Task requirements =
For this task, copy all of the data below exactly and skip the pictures.

Exercise data =

*** Block opens ***

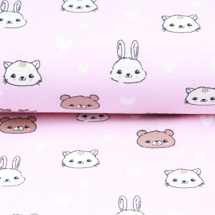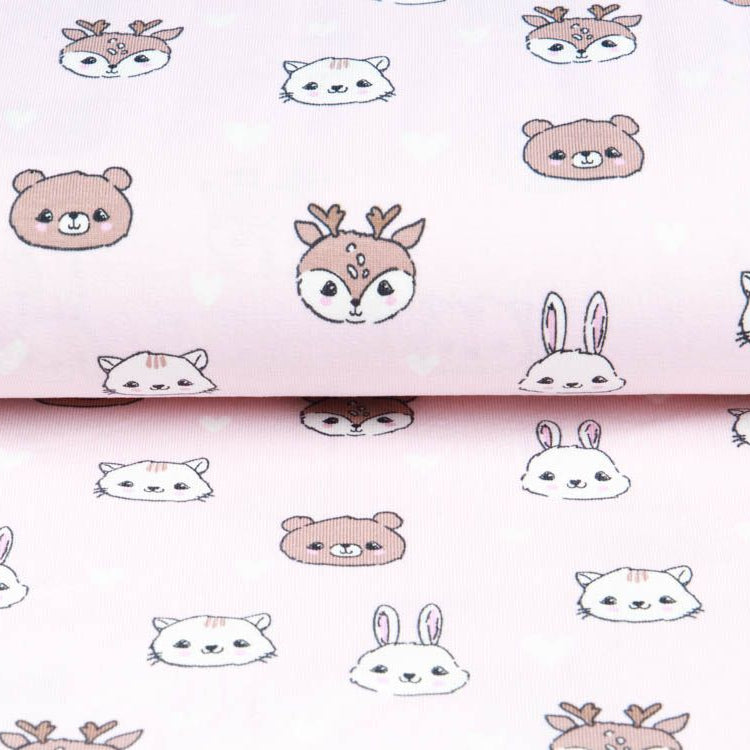 Niedlicher Jersey-Stoff mit verspielten Tiergesichtern und herzigen Herzen – perfekt für Kinderkleidung, Kuschelkissen oder bunte Accessoires. Das fröhliche Muster bringt Freude in jedes Nähprojekt und überzeugt mit weicher, angenehmer Haptik. Ideal für kleine und große Näh-Fans, die es lustig und liebevoll mögen!
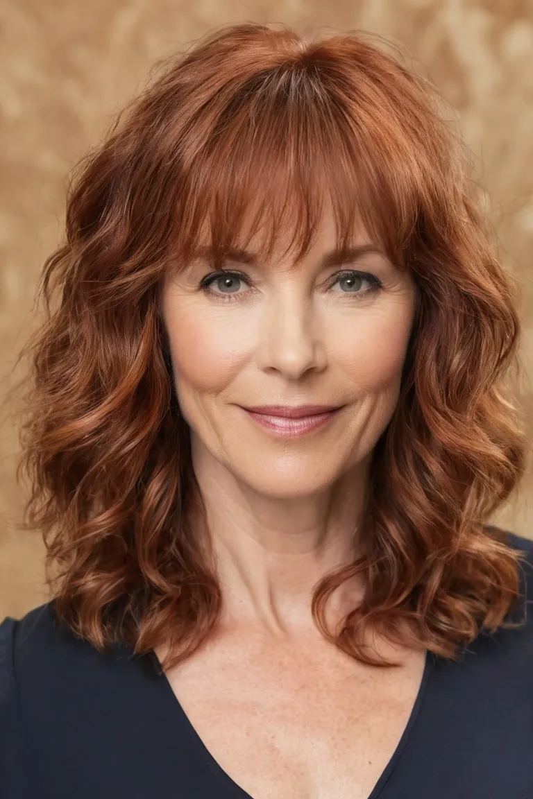 Auburn waves add warmth to your complexion, while wispy bangs frame your face beautifully.
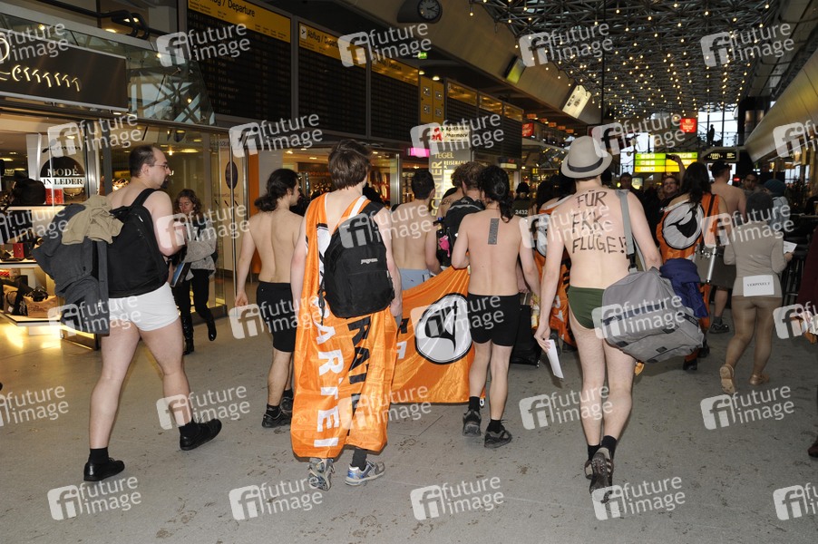 Mitglieder der Piratenpartei entern den Flughafen Tegel in Berlin und zeigen ihr Programm
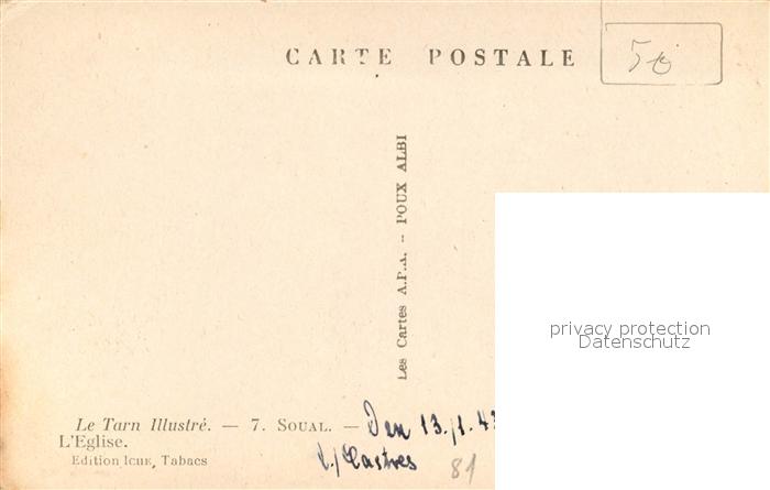 13485503 Soual Eglise postalisch nicht gelaufen Erhaltung siehe scans [FriedD77] KatCode: 11170081281289

*** Block closes ***

Exercise result =
 Niedlicher Jersey-Stoff mit verspielten Tiergesichtern und herzigen Herzen – perfekt für Kinderkleidung, Kuschelkissen oder bunte Accessoires. Das fröhliche Muster bringt Freude in jedes Nähprojekt und überzeugt mit weicher, angenehmer Haptik. Ideal für kleine und große Näh-Fans, die es lustig und liebevoll mögen!
 Auburn waves add warmth to your complexion, while wispy bangs frame your face beautifully.
 Mitglieder der Piratenpartei entern den Flughafen Tegel in Berlin und zeigen ihr Programm
 13485503 Soual Eglise postalisch nicht gelaufen Erhaltung siehe scans [FriedD77] KatCode: 11170081281289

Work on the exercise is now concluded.